Technicians under the environmental agency's direction began pumping chlorine dioxide gas into the heating and ventilation system of the southeast quadrant of the building at 9 a.m. Friday. The process was completed at 4:30 a.m. Monday.

The quadrant had tested positive for traces of anthrax spores after the first fumigation effort, which took place on Dec. 1. A second fumigation attempt on Dec. 16 failed when workers could not create the necessary levels of humidity for the gas to work properly.

The building, where half the 100 senators have their offices, closed Oct. 17, two days after an aide to Senate Majority Leader Tom Daschle opened an anthrax-tainted letter.

Daschle said Sunday there was a reasonable possibility the building would reopen this month.

Officials were awaiting results, possibly later this week, on two types of laboratory tests.

One analysis was under way on more than 400 Band-Aid-size strips that would provide the results of the fumigation.

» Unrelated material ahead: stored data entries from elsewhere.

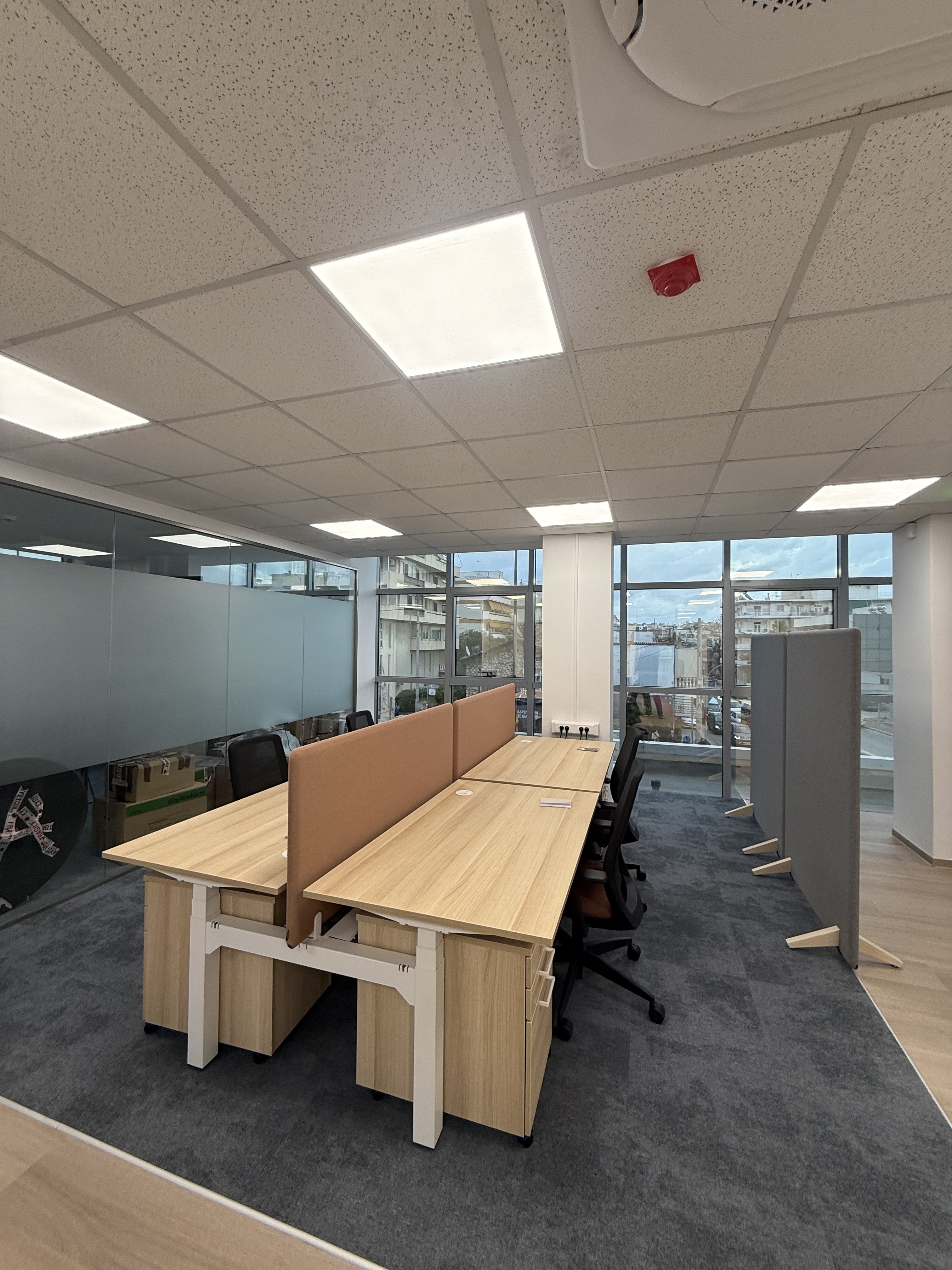 remove the visible boxes and miscellaneous belongings behind the glass partition keep the glass exactly as it is do not modify flooring lighting furniture layout or materials only clean the background so it looks empty and professional
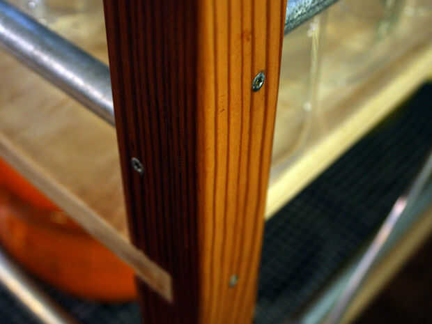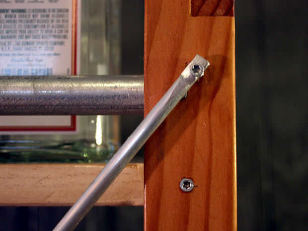 La estructura es muy simple: dos estructuras de paralelo de la escala son puente con tres estantes profundos. Longitudes de conducto eléctrico galvanizado añadir estabilidad lateral y evitar cosas resbalen los estantes. Dos ruedas están emparejadas con un extremo fijo para una buena mezcla de estabilidad y movilidad. En la parte posterior, un elegante aluminio X-brace mantiene todo en línea. Con aproximadamente la mitad del material recuperado, pasé cerca de $50, con la mayor parte de los que van en las ruedas y los titulares de la Copa de vino.
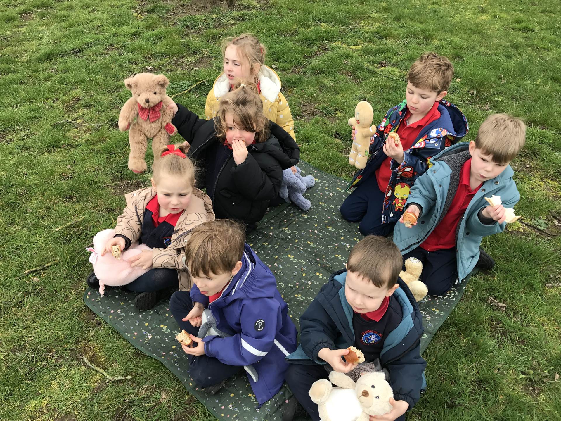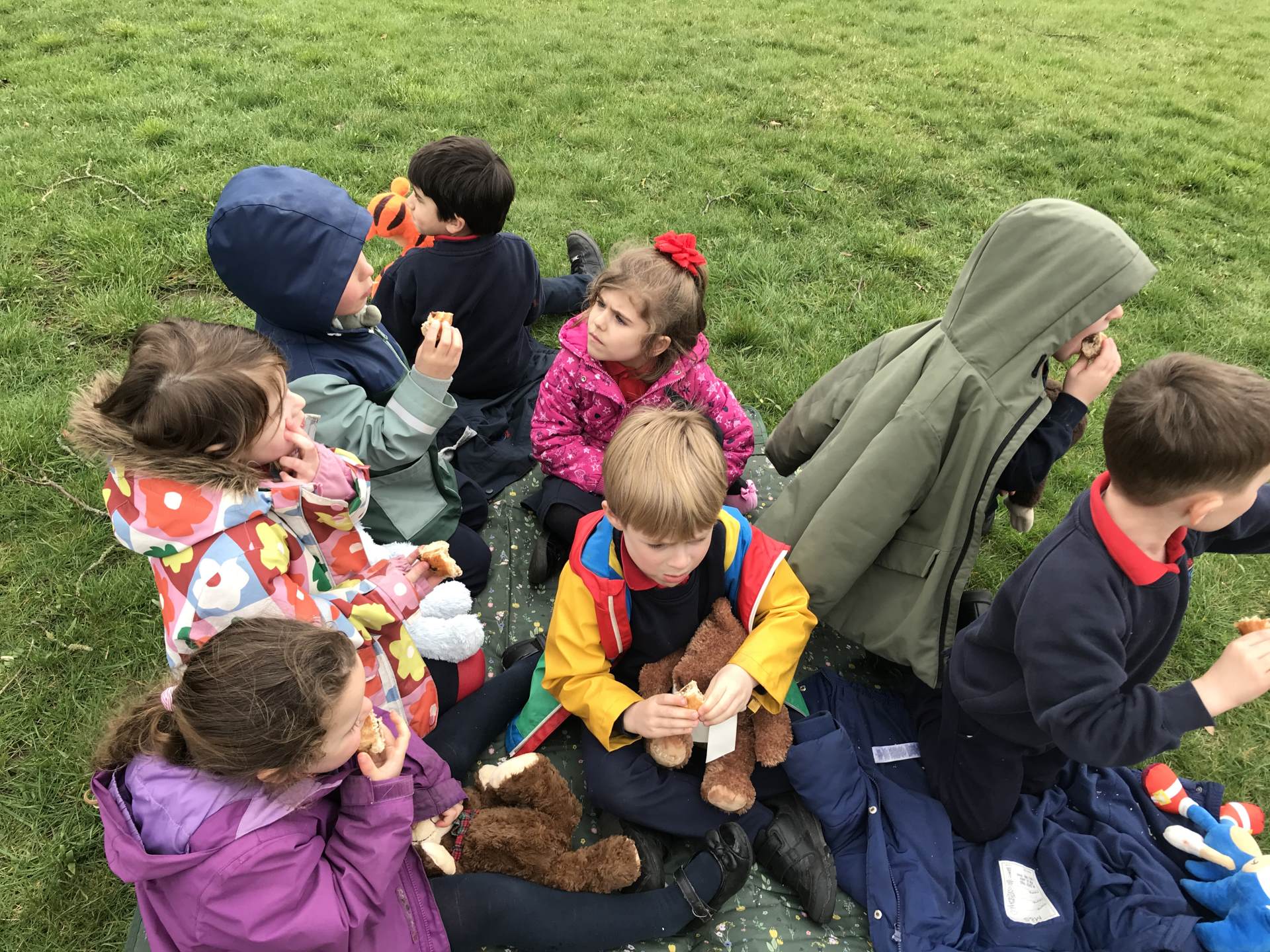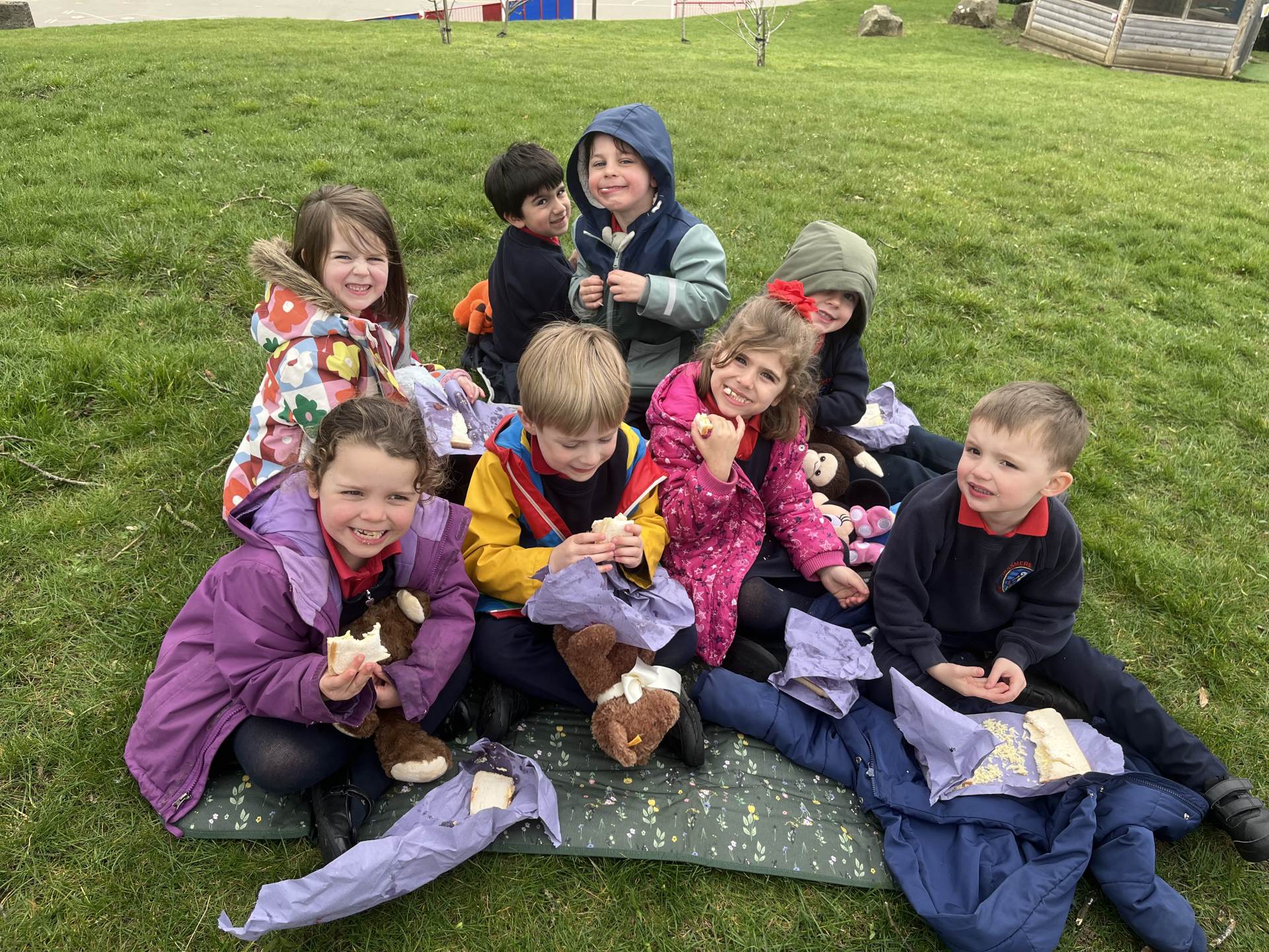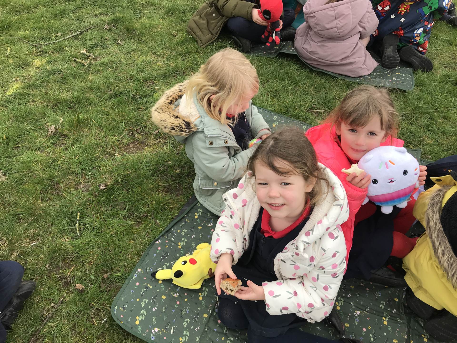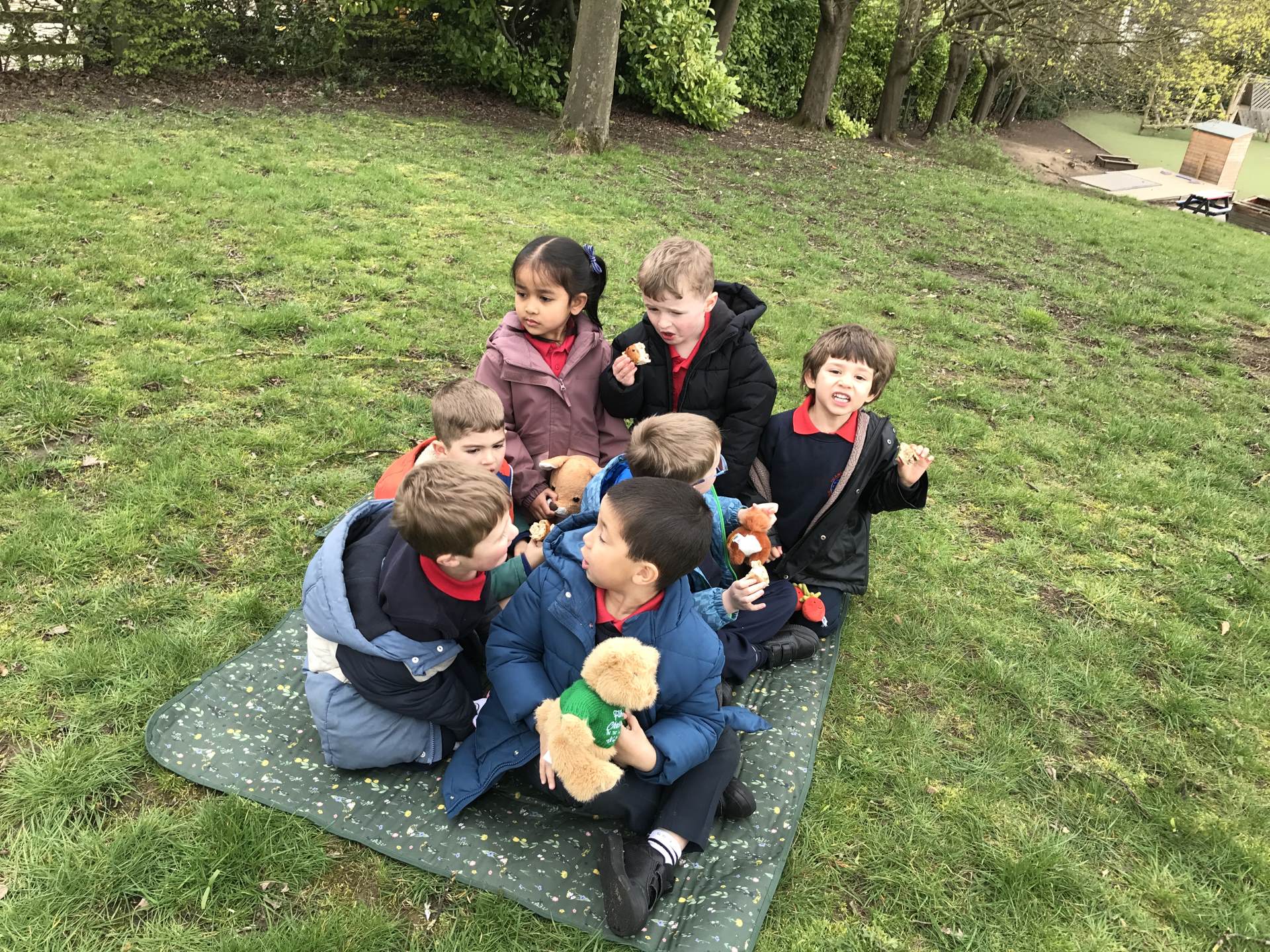 In the afternoon, we took our teddies outside and enjoyed our picnic together on the banks. The children had a lovely time sharing their food, talking with friends, and enjoying the outdoor space with their cuddly companions.

Separate tests were checking samples taken from swabbing and vacuuming surfaces.

The test strips contain bacteria more resistant to the gas fumigation than anthrax. If that bacteria is found dead, it will suggest any remaining anthrax is too.

The surface samples were gathered by using small vacuum cleaners that have sock-like filters that are then analyzed, as well as by swabbing surfaces with something similar to a Q-Tip. Technicians also wiped surfaces with a synthetic cloth the size of a handkerchief.

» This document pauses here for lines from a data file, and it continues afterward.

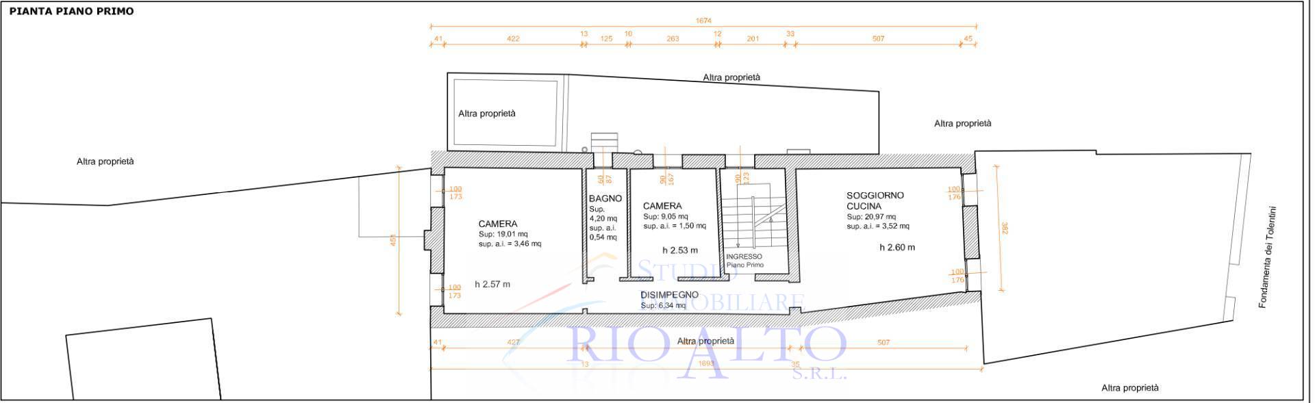 Piano primo, appartamento composto da ingresso, soggiorno con angolo cottura, 2 camere e bagno finestrato;
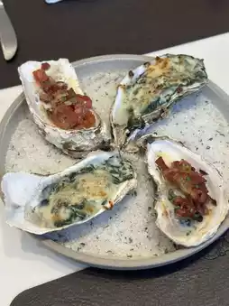 The baked oysters come in two flavors: creamy herb spinach cheese and smoked bacon. Both are flavorful and aromatic.
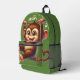 Singe de la Jungle Se balançant sur un arbre Monogramme Enfants Sac à dos imprimé vert Un mignon singe de la jungle se balançant sur une branche d'arbre sur un arrière - plan vert de forêt. Le nom monogramme personnalisé en haut de la page peut être remplacé par votre propre nom ou texte personnalisé. Le cadeau ou l'accessoire parfait pour n'importe quel enfant.
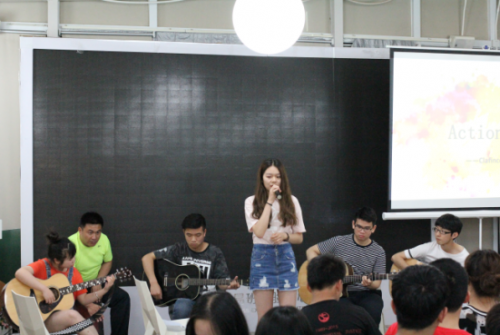 表演开始,首先蔚蓝音乐社的学姐作为开场献唱,让一首“走马”带着余韵回荡在整个温暖的小房间。
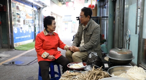 길을 걷다 만나게 된 ‘뚝도시장’. 성수동에서 가장 오래된 시장으로 과거 서울의 3대 시장으로 손꼽히던 영광을 누렸다. 시장을 거닐다 열심히 더덕을 까는 가방가게 할머니를 발견한 김영철.
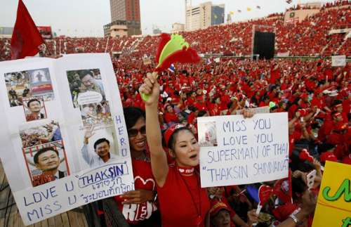 周六晚,多達五萬名他信支持者齊集在曼谷一個球場內,參加集會。身在海外的他信發表預先錄制的錄像講話,向支持者說,如果軍方領袖繼續干涉政事,泰國的混亂局面將會永無止境,延續下去。臺下的群眾大多穿上紅衣,以示團結,他們聽到他信的講話都歡呼喝采。
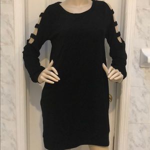 BLACK CAGE SLEEVE KNIT DRESS

Rupert said more than 4,000 samples were taken in all — some from every room in the Hart building, which has offices surrounding a large open space in the center.

Five people have died from anthrax since early October and 18 more were infected. Thousands of others were exposed to the spores, but with a Jan. 7 deadline approaching, officials said fewer than 100 people have opted to receive an anthrax vaccine offered as an additional therapy.